Хорошие мусульмане, хорошие христиане, пока они не берут дубину и не идут доказывать, что их бог самый бог. Это очень здорово, пока они занимаются своими личными проблемами. Но когда они начинают заниматься амбициями какого-нибудь архиерея или архимандрита или кого-то там, который «архи», старший — стоит кому-то посадить себе на голову кого-то, как у того срывается крыша от избытка энергии, потому что на самом-то деле он несет ответственность за всю ту энергию, которую он взял на себя. А люди очень любят создавать мифы. И Ошо предупреждал, что мифы будут создавать о его жизни, и Бабаджи предупреждал, а Иисуса так вообще не надо вспоминать, о нем столько напридумано, что хоть с дуба падай. Короче говоря, есть живые люди. И, пока живые — учитесь, понимайте, радуйтесь…

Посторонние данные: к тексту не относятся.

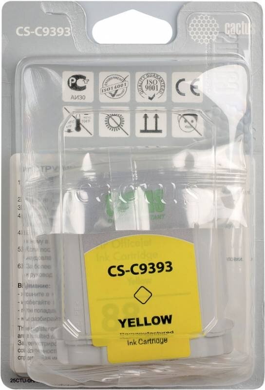 Картридж струйный Cactus CS-C9393 желтый для №88 HP Officejet Pro K550 (29ml) интересное: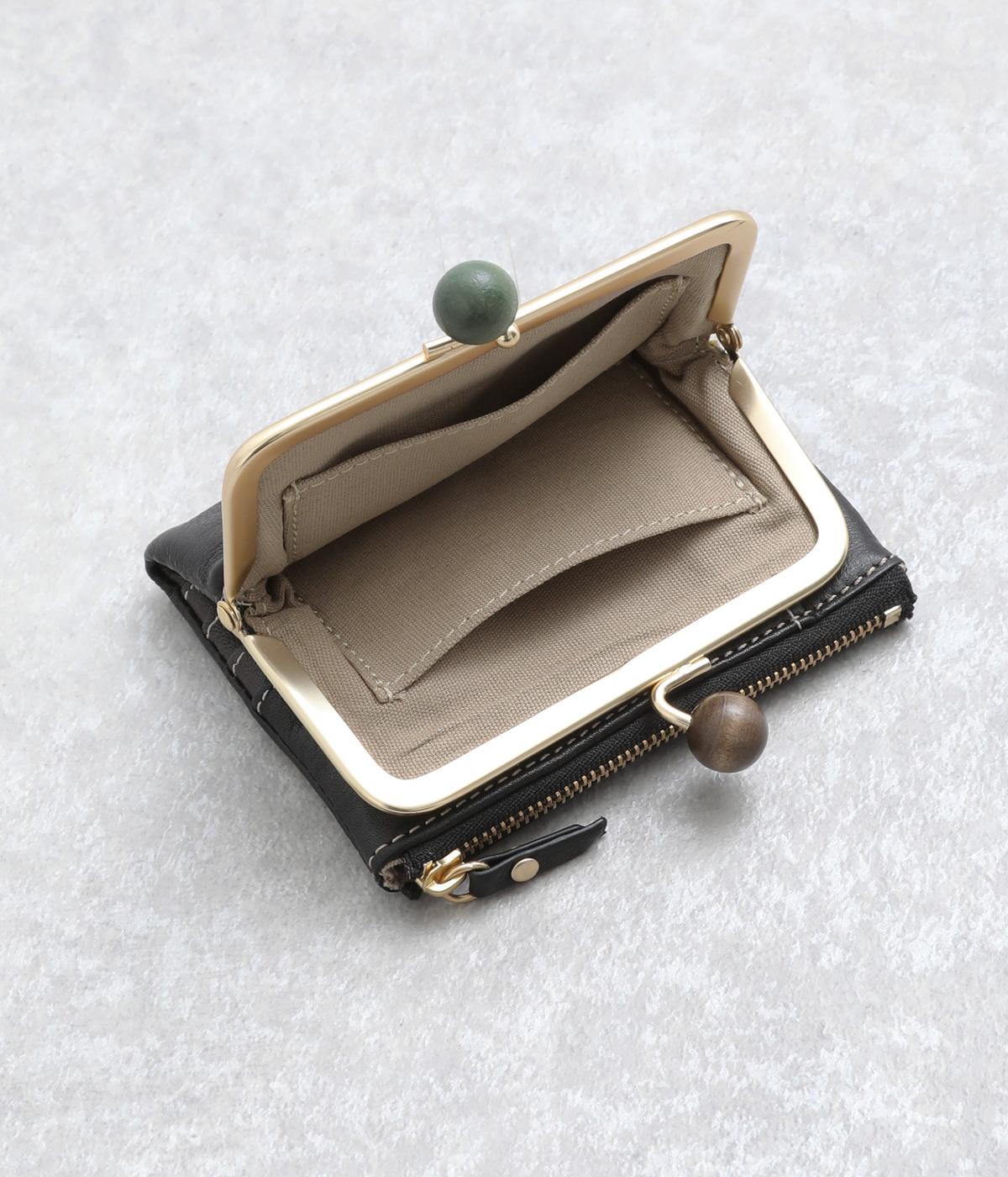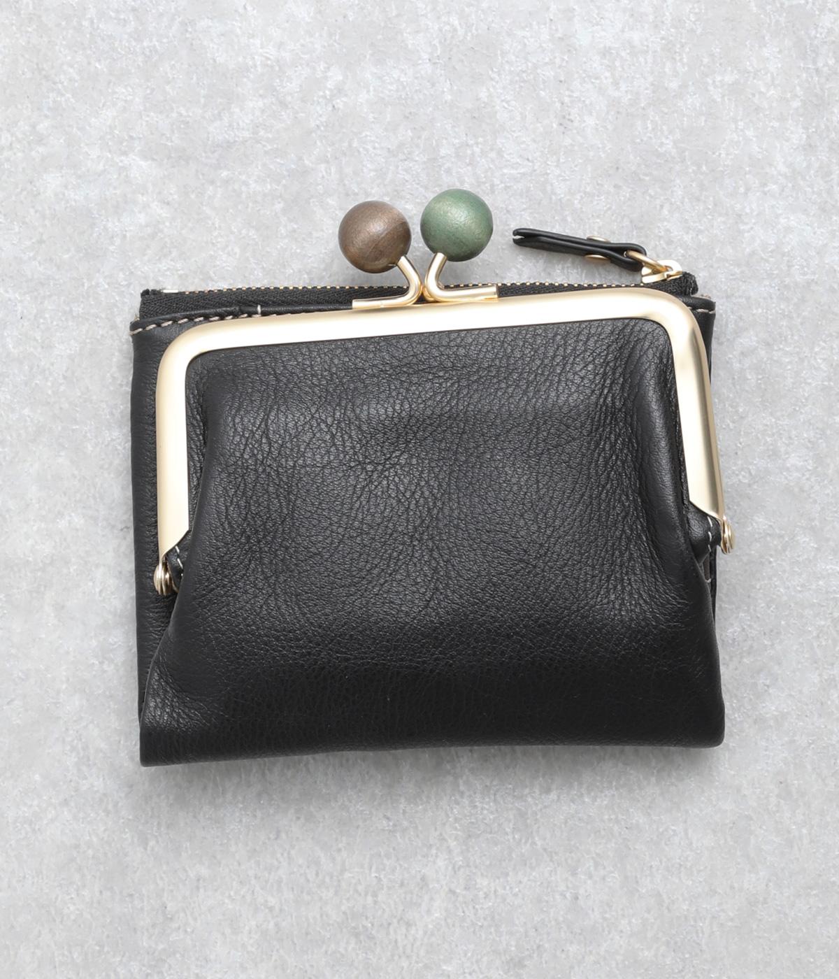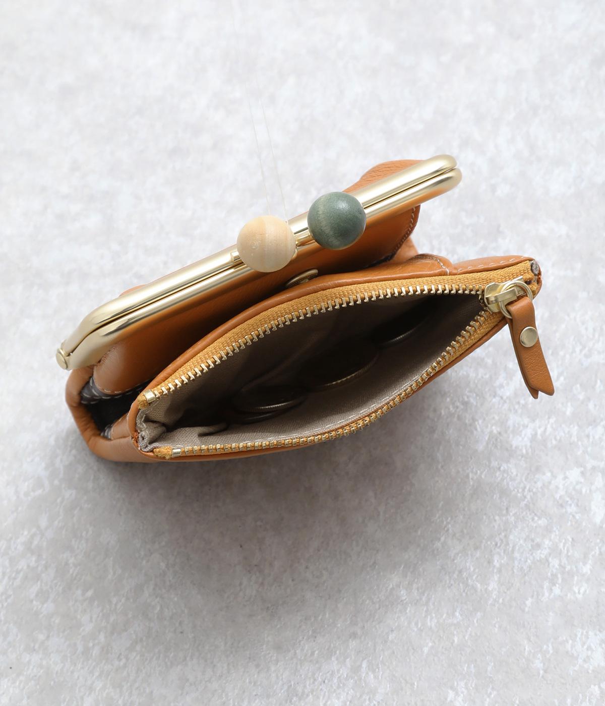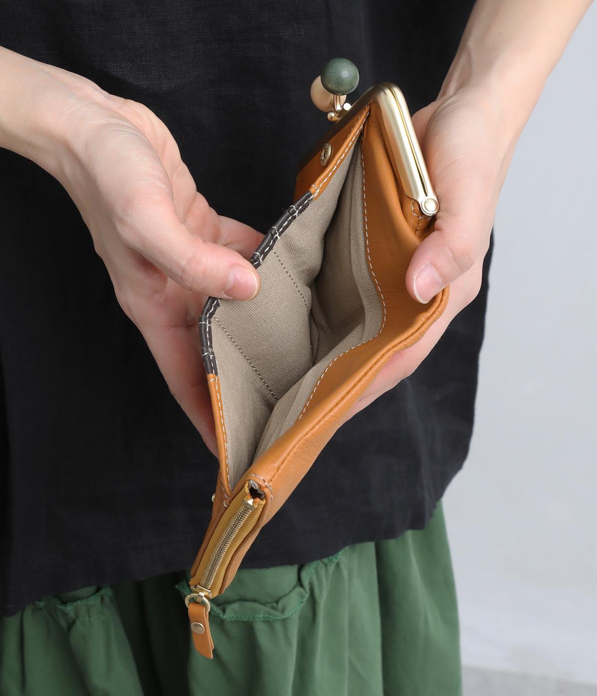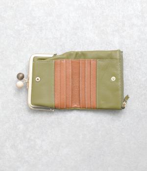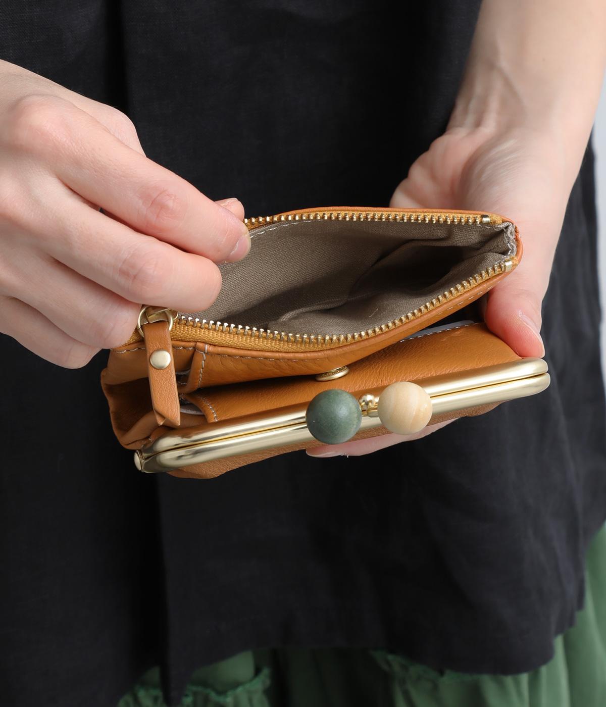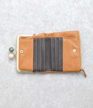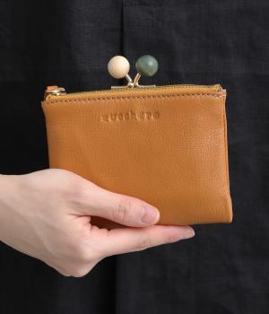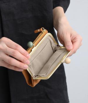 美しい木目の天然木玉がレトロなワンポイントになったがま口ウォレット。折りたたみ式なのでお札やカードも出し入れしやすく、ファスナーポケットには領収書や小物の収納にも便利。がま口内もポケットがついているので小銭を仕分けしても◎。

У тебя, кстати, поезд через час. Так что, доедай быстренько плов
Глава 10. Андрей Фоминцев
С Андреем Фоминцевым мы подружились в девяносто первом году. Несколько лет мы выдумывали и творили разные разгильдяйские штуки (пытаясь подражать то Милтону Эриксону, то кастанедовскому нагвалю Хулиану), некоторые из которых я описал в первом томе, в главе «Путь разгильдяя». А вообще-то, время нашего совместного творчества я до сих пор вспоминаю, как наиболее яркий период жизни. Мы вели семинары, обучали консультированию группу студентов Психфака, ходили в походы, устраивали друг для друга массу сногсшибательных ситуаций, создавали новые практики, искали новые стили работы, обучения, необычного поведения. Замыслы наши распространялись не только на консультирование, — были творческие находки в музыке, рисовании, режиссуре (хотя, в то время, конечно, любительские в этих областях). Была у нас и совместная фирма.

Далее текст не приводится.